* [Try it]:
Transcribe each record as written.

* [Material provided]:
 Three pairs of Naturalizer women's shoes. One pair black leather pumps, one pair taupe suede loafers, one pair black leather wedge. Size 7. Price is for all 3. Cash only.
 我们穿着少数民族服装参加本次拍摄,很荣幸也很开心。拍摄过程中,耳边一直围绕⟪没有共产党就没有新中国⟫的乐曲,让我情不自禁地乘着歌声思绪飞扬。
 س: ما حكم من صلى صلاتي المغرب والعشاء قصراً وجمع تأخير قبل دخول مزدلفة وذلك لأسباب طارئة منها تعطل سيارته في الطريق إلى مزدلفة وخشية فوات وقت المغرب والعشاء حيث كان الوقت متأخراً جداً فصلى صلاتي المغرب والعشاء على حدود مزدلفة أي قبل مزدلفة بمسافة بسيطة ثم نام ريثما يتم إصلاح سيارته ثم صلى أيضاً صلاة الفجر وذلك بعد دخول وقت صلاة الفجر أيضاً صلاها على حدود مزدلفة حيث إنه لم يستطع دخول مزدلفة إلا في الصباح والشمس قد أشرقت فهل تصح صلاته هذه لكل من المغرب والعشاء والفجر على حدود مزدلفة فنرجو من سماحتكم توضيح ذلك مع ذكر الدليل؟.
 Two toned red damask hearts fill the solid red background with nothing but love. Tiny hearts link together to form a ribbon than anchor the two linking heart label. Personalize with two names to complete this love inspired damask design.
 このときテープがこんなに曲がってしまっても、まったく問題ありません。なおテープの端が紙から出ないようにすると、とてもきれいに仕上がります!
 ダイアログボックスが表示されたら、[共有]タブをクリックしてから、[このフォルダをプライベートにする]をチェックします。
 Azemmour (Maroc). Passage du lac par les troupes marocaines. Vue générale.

* [Solution for this problem]:
 Three pairs of Naturalizer women's shoes. One pair black leather pumps, one pair taupe suede loafers, one pair black leather wedge. Size 7. Price is for all 3. Cash only.
 我们穿着少数民族服装参加本次拍摄,很荣幸也很开心。拍摄过程中,耳边一直围绕⟪没有共产党就没有新中国⟫的乐曲,让我情不自禁地乘着歌声思绪飞扬。
 س: ما حكم من صلى صلاتي المغرب والعشاء قصراً وجمع تأخير قبل دخول مزدلفة وذلك لأسباب طارئة منها تعطل سيارته في الطريق إلى مزدلفة وخشية فوات وقت المغرب والعشاء حيث كان الوقت متأخراً جداً فصلى صلاتي المغرب والعشاء على حدود مزدلفة أي قبل مزدلفة بمسافة بسيطة ثم نام ريثما يتم إصلاح سيارته ثم صلى أيضاً صلاة الفجر وذلك بعد دخول وقت صلاة الفجر أيضاً صلاها على حدود مزدلفة حيث إنه لم يستطع دخول مزدلفة إلا في الصباح والشمس قد أشرقت فهل تصح صلاته هذه لكل من المغرب والعشاء والفجر على حدود مزدلفة فنرجو من سماحتكم توضيح ذلك مع ذكر الدليل؟.
 Two toned red damask hearts fill the solid red background with nothing but love. Tiny hearts link together to form a ribbon than anchor the two linking heart label. Personalize with two names to complete this love inspired damask design.
 このときテープがこんなに曲がってしまっても、まったく問題ありません。なおテープの端が紙から出ないようにすると、とてもきれいに仕上がります!
 ダイアログボックスが表示されたら、[共有]タブをクリックしてから、[このフォルダをプライベートにする]をチェックします。
 Azemmour (Maroc). Passage du lac par les troupes marocaines. Vue générale.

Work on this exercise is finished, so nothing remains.